A pequenez de Zaqueu não era só física: ele era pequeno aos olhos de todos pela profissão de cobrador de impostos que o colocava na categoria dos pecadores. E a altura da multidão pode também significar os muros que, nós, que dizemos acreditar em Jesus, colocamos à sua volta. No condomínio religioso que construímos, no acomodamento e inércia quando escutamos as suas palavras, na distância entre o que dizemos e aquilo que fazemos, na proximidade acomodada a Deus será que deixamos “ver que é Jesus”?

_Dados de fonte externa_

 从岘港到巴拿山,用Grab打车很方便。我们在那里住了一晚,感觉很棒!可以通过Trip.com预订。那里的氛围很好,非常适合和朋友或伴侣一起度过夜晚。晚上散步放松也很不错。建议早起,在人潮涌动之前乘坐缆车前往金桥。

Certamente a multidão de Jericó estava simplesmente “a ver passar” o mestre que tanta fama granjeara. Talvez Ele fizesse algum milagre espectacular, e bem sabemos como as multidões vibram com isso. Muitos sentiriam por Ele a admiração pelas notícias da sua bondade, a curiosidade pelas palavras sábias simples pelas quais anunciava verdades sublimes. Mas todos se espantaram quando Jesus parou junto da árvore onde Zaqueu estava, e lhe anunciou que ia ficar em sua casa. Foi como se caísse “o Carmo e a Trindade”, na expressão tipicamente lisboeta para as desgraças! Não havia em Jericó casas de pessoas respeitáveis, de senhores e senhoras bons cumpridores da Lei e assentos reservados na Sinagoga, onde um mestre tão ilustre poderia alojar-se? Não entendia que o seu gesto era “religiosamente incorrecto”?

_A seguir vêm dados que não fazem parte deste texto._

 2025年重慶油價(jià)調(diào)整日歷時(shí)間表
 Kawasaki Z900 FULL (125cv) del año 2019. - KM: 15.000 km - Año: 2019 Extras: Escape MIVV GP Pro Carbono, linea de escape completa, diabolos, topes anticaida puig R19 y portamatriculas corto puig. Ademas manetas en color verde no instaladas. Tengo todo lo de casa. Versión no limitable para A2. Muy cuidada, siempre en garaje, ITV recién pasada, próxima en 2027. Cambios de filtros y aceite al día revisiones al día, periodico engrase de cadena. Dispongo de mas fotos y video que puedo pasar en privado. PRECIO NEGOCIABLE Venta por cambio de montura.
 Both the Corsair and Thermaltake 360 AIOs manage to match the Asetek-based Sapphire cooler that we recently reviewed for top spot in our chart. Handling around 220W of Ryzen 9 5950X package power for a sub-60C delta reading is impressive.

Mas Jesus quebrará sempre os protocolos que tentem impedir Deus de chegar a todos. E especialmente aos mais pequeninos, esquecidos, excluídos, explorados, descartados. Não veio Ele “procurar e salvar o que estava perdido”? Quando o amor de Deus chega a quem não O conhecia, o milagre da conversão acontece. Conseguimos imaginar a alegria com que Zaqueu desceu da árvore e recebeu Jesus? Podemos sonhar o que foi o diálogo entre os dois? O que conhecemos é a recriação da vida de Zaqueu. Essa realidade que multidões ou elites, de muitas espécies e feitios, dificilmente experimentamos porque, em vez de acolher Jesus, ainda O queremos colocar ao nosso serviço, a justificar muitos dos nossos comportamentos, a abençoar indiferenças e injustiças.

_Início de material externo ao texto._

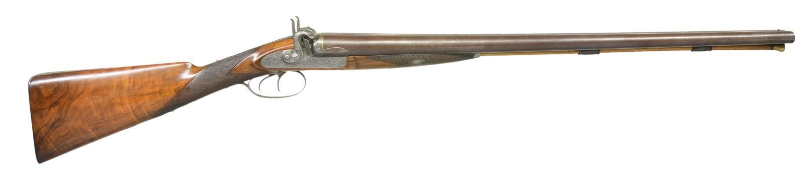 1) BELGIAN. Cal. 10 Ga. S# 2942. The "Warranted Laminated Steel" 29 1/2" bbls. have gold inlaid rib marking, single bands & brass bead. Matching numbered hammer sidelocks w/ floral scroll engraving that extends to serpentine hammers, breech end, triggerguard, top tang, thimble & buttplate tang. Matching numbered, wedge fastened straight grip stock w/ checkering at forearm & wrist & brass shield on toeline. Hardwood ramrod w/ brass tip & patch jag held by 2 faceted pipes. CONDITION: bbls. have good brown finish showing areas of fading, patina around muzzle & pinprick oxidation. Other metal shows gray patina appearance w/ light pinprick oxidation. Sanded & refinished wood has varnish on some metal parts along w/ scratches & marks. Good bores. (01-21744/MD).

Ao concluir os trabalhos do Sínodo da Amazónia no sábado passado, o Papa Francisco, convidando a comunicação social a não ficarem presos aos “aspectos disciplinares” do documento final, alertava para um perigo: “Há sempre um grupo de cristãos elitistas que se entretém com questões disciplinares intraeclesiásticas”. E, a propósito citou o poeta Charles Péguy: “Porque não têm a coragem de estar com o mundo, acreditam estar com Deus. Porque não têm a coragem de comprometer-se nas opções de vida do homem, acreditam lutar por Deus. Porque não amam ninguém, acreditam que amam a Deus”. Não basta ficar a ver Jesus passar!